↓

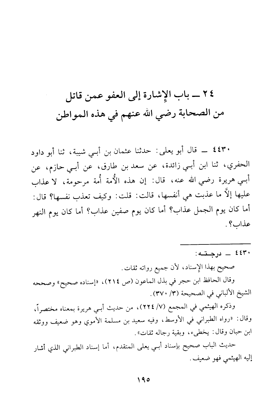 4430 - قَالَ أَبُو يَعْلَى: حَدَّثَنَا عُثْمَانُ بْنُ أَبِي شَيْبَةَ، ثنا أَبُو دَاوُدَ الْحَفَرِيُّ، ثنا ابْنُ أَبِي زَائِدَةَ، عَنْ سَعْدِ بْنِ طَارِقٍ، عَنْ أَبِي حَازِمٍ، عَنْ أَبِي هُرَيْرَةَ رَضِيَ الله عَنْه، قَالَ: إِنَّ §هَذِهِ الْأُمَّةَ أُمَّةٌ مَرْحُومَةٌ، لَا عَذَابَ عَلَيْهَا إِلَّا مَا عَذَّبَتْ هي أنفسها، قالت: قُلْتُ: وَكَيْفَ تُعَذِّبُ نفسها؟ قَالَ: أَمَا كَانَ يوم الجمل عذاب؟ أَمَا كَانَ يوم صفين عذاب؟ أَمَا كَانَ يوم النهر عذاب؟ .
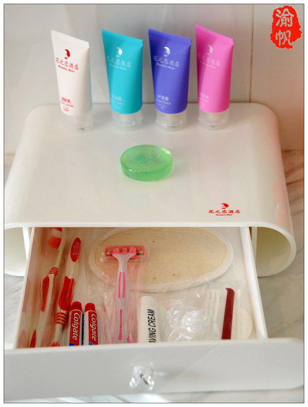洗手臺上放有各種洗浴用品,一應(yīng)俱全
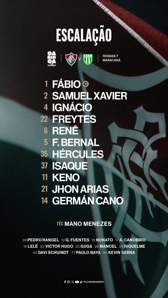 Fluminense escalado para jogo contra o Boavista no Maracanã
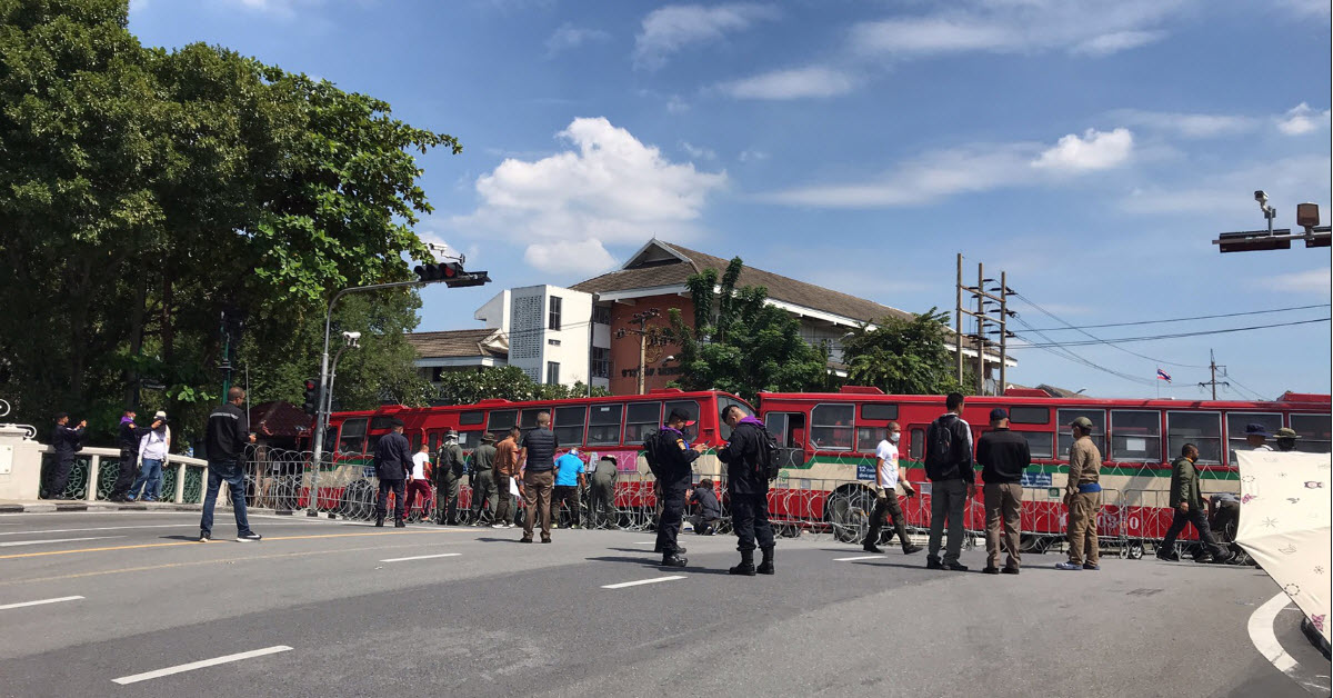 ผู้สื่อข่าวรายงานบรรยากาศการรักษาความปลอดภัย ที่ทำเนียบรัฐบาล วันนี้ (22 ต.ค.) หลังเมื่อวานนี้ (21 ต.ค.) ผู้ชุมนุมกลุ่มคณะราษฎร 63 เดินทางมายื่นคำขาดให้ พล.อ.ประยุทธ์ จันทร์โอชา นายกรัฐมนตรี ลาออกภายใน 3 วัน หากไม่ปฏิบัติตามจะกลับมาชุมนุม และยกระดับมาชุมนุมปักหลักที่ทำเนียบรัฐบาล ว่า ทำเนียบรัฐบาลได้มีการซักซ้อมเสมือนจริงรับมือกลุ่มผู้ชุมนุม ภายใต้การกำกับดูแล พ.ต.อ.อรรถวิทย์ สืบสาย รักษาการผู้บังคับการตำรวจนครบาล 1 และ พล.ต.ท.อัครเดช พิมลศรี ผู้บัญชาการกระจำสำนักงานตำรวจแห่งชาติ ประสานงานทำเนียบรัฐบาล โดยนำความบกพร่องแนวป้องกันมาปรับ เพื่อให้มีความรัดกุมมากยิ่งขึ้น ป้องกันกลุ่มผู้ชุมนุมฝ่าแนวกันมาได้ โดยมีการนำรถโดยสาร ขสมก. มาจอดขวางปิด ถ.พิษณุโลก แบบประชิด ไม่มีช่องว่าง เชิงสะพานสะพานชมัยมรุเชฐ ฝั่งโรงเรียนราชวินิต มัธยม วางรั้วกั้น วางลวดหนาม รถตู้ของตำรวจ ไม่ให้ผู้ชุมนุมสามารถข้ามมาฝั่งด้านหน้าทำเนียบฯ ได้
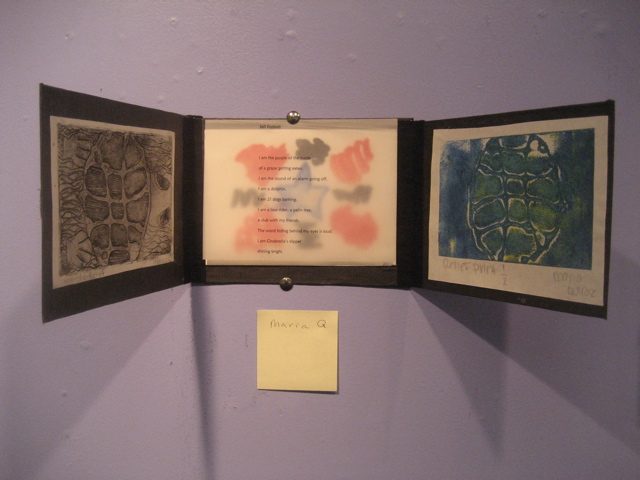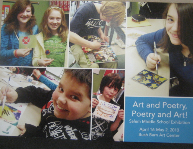 Tomorrow night April 15th is the opening of a wonderful show at Bush Barn Art Gallery of the work of young artists/poets from the 7th grade classes around town. Today I previewed the work of students from Adams/Stephens Middle school and it knocked me out. Each student wrote two poems and made 4 prints. The presentation includes the intaglio plate that each student made and printed from. The poems are wonderful and the prints are magical. Though I have the art teacher’s name I don’t have the poet’s…will have to let you know on that one. Go take a look and see what happens if ipods are ripped out of ears and kids are helped to learn to focus and create. Pure magic.
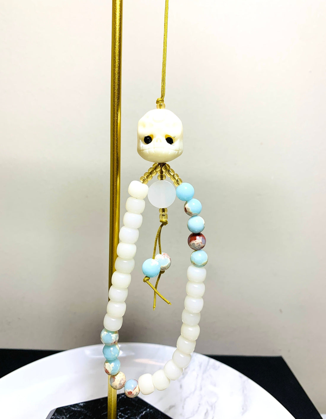 Halloween Bag Phone Car Accessories Keychains Chain, Sitavana Ghost Natural Bodhi Jade, Birthday Gift, White Jade Gift for Her Him
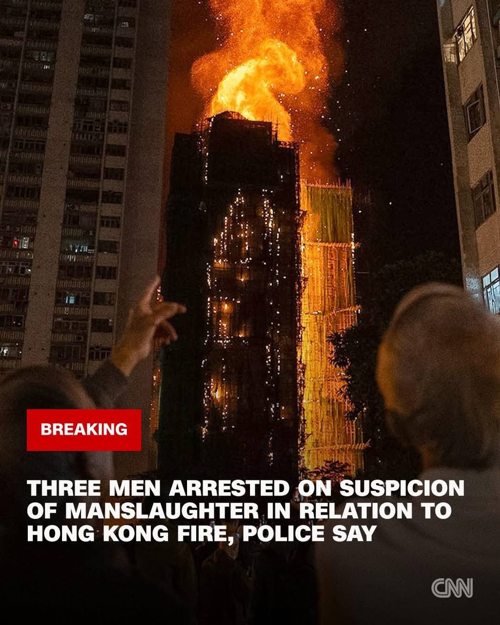 អន្តរជាតិ ៖ ប្រភពពី (CNN) ថ្ងៃនេះ ! បានផ្សាយថា ៖ ប៉ូលីសនិយាយថា បុរសបីនាក់ត្រូវបានចាប់ខ្លួនពាក់ព័ន្ធនឹងអគ្គីភ័យឆាបឆេះអគារខ្ពស់កប់ពពកនៅទីក្រុងហុងកុង។ មនុស្សរាប់រយនាក់នៅតែបាត់ខ្លួន !
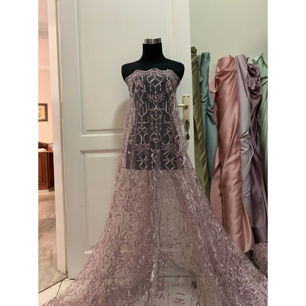 Detail 1/2 meter Kain Bahan Kebaya Brokat Brukat Tile Etnik Madeline New Series Warna Ungu Lilac
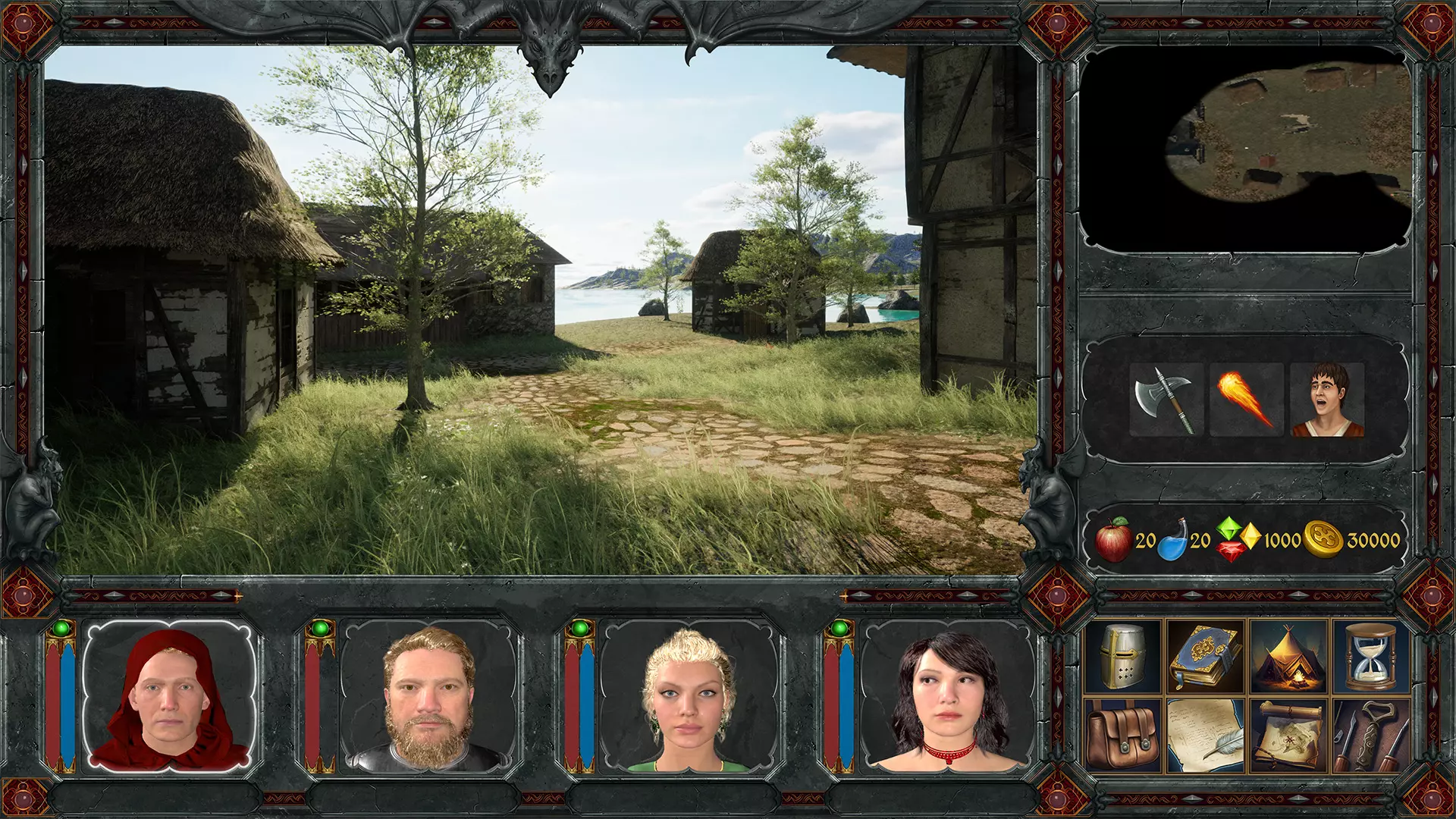 界面类似于80-90年代经典角色扮演游戏,包含大型图标、角色头像以及3D世界的裁剪窗口。 切换方式:若要在不同界面之间切换,请进入游戏设置,在【基本】选项卡的右下角会看到两个界面选择图标。
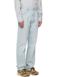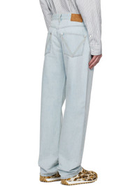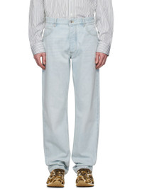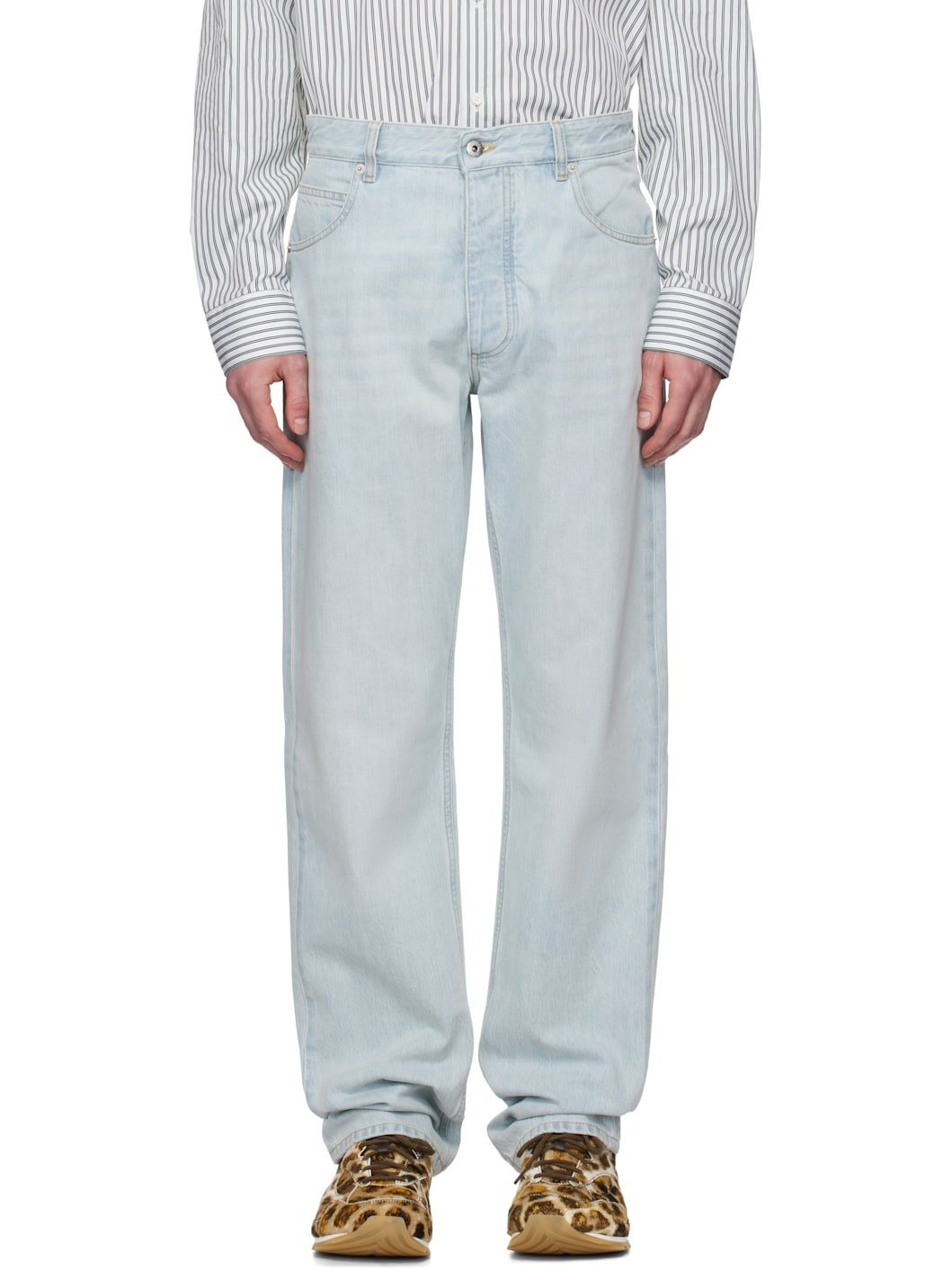 Straight-leg washed non-stretch denim jeans. Fading and subtle whiskering throughout. · Mid-rise · Belt loops · Five-pocket styling · Button fly · Intrecciato-woven suede patch at back waistband · Logo embroidered at back pockets · Logo-engraved silver-tone hardware · Contrast stitching in tan Supplier color: Light blue 100% cotton. Made in Italy 251798M191004
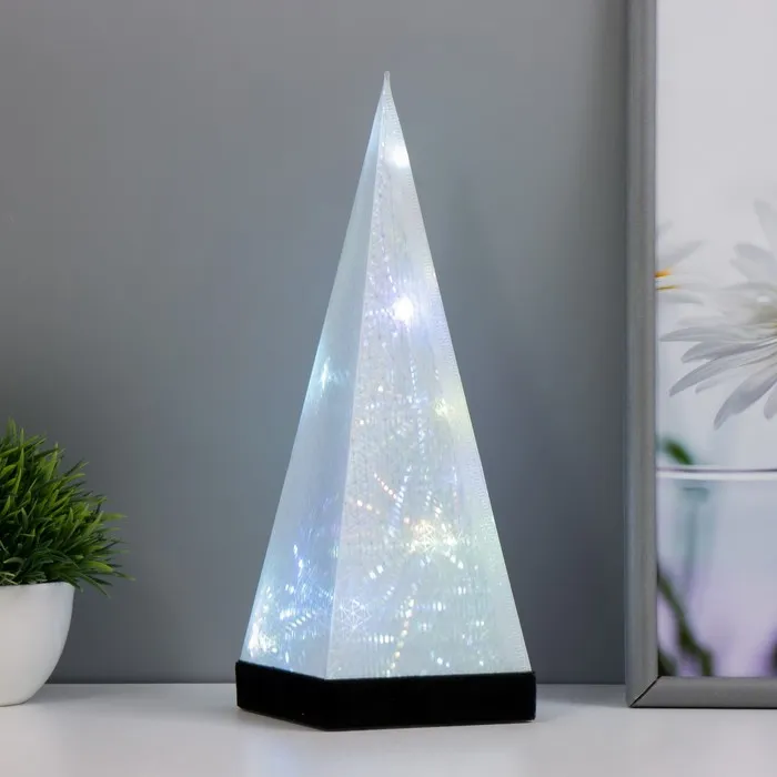 Фигурка световая RISALUX «Снежная пирамида. Салют», LED-ночник, RGB, от батареек 3×ААА, USB, 9×9×28 см

↑

● THE PROBLEM: The entries should be reproduced word for word, pictures omitted.

● RESPONSE FOR THIS EXERCISE:
 4430 - قَالَ أَبُو يَعْلَى: حَدَّثَنَا عُثْمَانُ بْنُ أَبِي شَيْبَةَ، ثنا أَبُو دَاوُدَ الْحَفَرِيُّ، ثنا ابْنُ أَبِي زَائِدَةَ، عَنْ سَعْدِ بْنِ طَارِقٍ، عَنْ أَبِي حَازِمٍ، عَنْ أَبِي هُرَيْرَةَ رَضِيَ الله عَنْه، قَالَ: إِنَّ §هَذِهِ الْأُمَّةَ أُمَّةٌ مَرْحُومَةٌ، لَا عَذَابَ عَلَيْهَا إِلَّا مَا عَذَّبَتْ هي أنفسها، قالت: قُلْتُ: وَكَيْفَ تُعَذِّبُ نفسها؟ قَالَ: أَمَا كَانَ يوم الجمل عذاب؟ أَمَا كَانَ يوم صفين عذاب؟ أَمَا كَانَ يوم النهر عذاب؟ .
洗手臺上放有各種洗浴用品,一應(yīng)俱全
 Fluminense escalado para jogo contra o Boavista no Maracanã
 ผู้สื่อข่าวรายงานบรรยากาศการรักษาความปลอดภัย ที่ทำเนียบรัฐบาล วันนี้ (22 ต.ค.) หลังเมื่อวานนี้ (21 ต.ค.) ผู้ชุมนุมกลุ่มคณะราษฎร 63 เดินทางมายื่นคำขาดให้ พล.อ.ประยุทธ์ จันทร์โอชา นายกรัฐมนตรี ลาออกภายใน 3 วัน หากไม่ปฏิบัติตามจะกลับมาชุมนุม และยกระดับมาชุมนุมปักหลักที่ทำเนียบรัฐบาล ว่า ทำเนียบรัฐบาลได้มีการซักซ้อมเสมือนจริงรับมือกลุ่มผู้ชุมนุม ภายใต้การกำกับดูแล พ.ต.อ.อรรถวิทย์ สืบสาย รักษาการผู้บังคับการตำรวจนครบาล 1 และ พล.ต.ท.อัครเดช พิมลศรี ผู้บัญชาการกระจำสำนักงานตำรวจแห่งชาติ ประสานงานทำเนียบรัฐบาล โดยนำความบกพร่องแนวป้องกันมาปรับ เพื่อให้มีความรัดกุมมากยิ่งขึ้น ป้องกันกลุ่มผู้ชุมนุมฝ่าแนวกันมาได้ โดยมีการนำรถโดยสาร ขสมก. มาจอดขวางปิด ถ.พิษณุโลก แบบประชิด ไม่มีช่องว่าง เชิงสะพานสะพานชมัยมรุเชฐ ฝั่งโรงเรียนราชวินิต มัธยม วางรั้วกั้น วางลวดหนาม รถตู้ของตำรวจ ไม่ให้ผู้ชุมนุมสามารถข้ามมาฝั่งด้านหน้าทำเนียบฯ ได้
 Tomorrow night April 15th is the opening of a wonderful show at Bush Barn Art Gallery of the work of young artists/poets from the 7th grade classes around town. Today I previewed the work of students from Adams/Stephens Middle school and it knocked me out. Each student wrote two poems and made 4 prints. The presentation includes the intaglio plate that each student made and printed from. The poems are wonderful and the prints are magical. Though I have the art teacher’s name I don’t have the poet’s…will have to let you know on that one. Go take a look and see what happens if ipods are ripped out of ears and kids are helped to learn to focus and create. Pure magic.
 Halloween Bag Phone Car Accessories Keychains Chain, Sitavana Ghost Natural Bodhi Jade, Birthday Gift, White Jade Gift for Her Him
 អន្តរជាតិ ៖ ប្រភពពី (CNN) ថ្ងៃនេះ ! បានផ្សាយថា ៖ ប៉ូលីសនិយាយថា បុរសបីនាក់ត្រូវបានចាប់ខ្លួនពាក់ព័ន្ធនឹងអគ្គីភ័យឆាបឆេះអគារខ្ពស់កប់ពពកនៅទីក្រុងហុងកុង។ មនុស្សរាប់រយនាក់នៅតែបាត់ខ្លួន !
 Detail 1/2 meter Kain Bahan Kebaya Brokat Brukat Tile Etnik Madeline New Series Warna Ungu Lilac
 界面类似于80-90年代经典角色扮演游戏,包含大型图标、角色头像以及3D世界的裁剪窗口。 切换方式:若要在不同界面之间切换,请进入游戏设置,在【基本】选项卡的右下角会看到两个界面选择图标。
 Straight-leg washed non-stretch denim jeans. Fading and subtle whiskering throughout. · Mid-rise · Belt loops · Five-pocket styling · Button fly · Intrecciato-woven suede patch at back waistband · Logo embroidered at back pockets · Logo-engraved silver-tone hardware · Contrast stitching in tan Supplier color: Light blue 100% cotton. Made in Italy 251798M191004
 Фигурка световая RISALUX «Снежная пирамида. Салют», LED-ночник, RGB, от батареек 3×ААА, USB, 9×9×28 см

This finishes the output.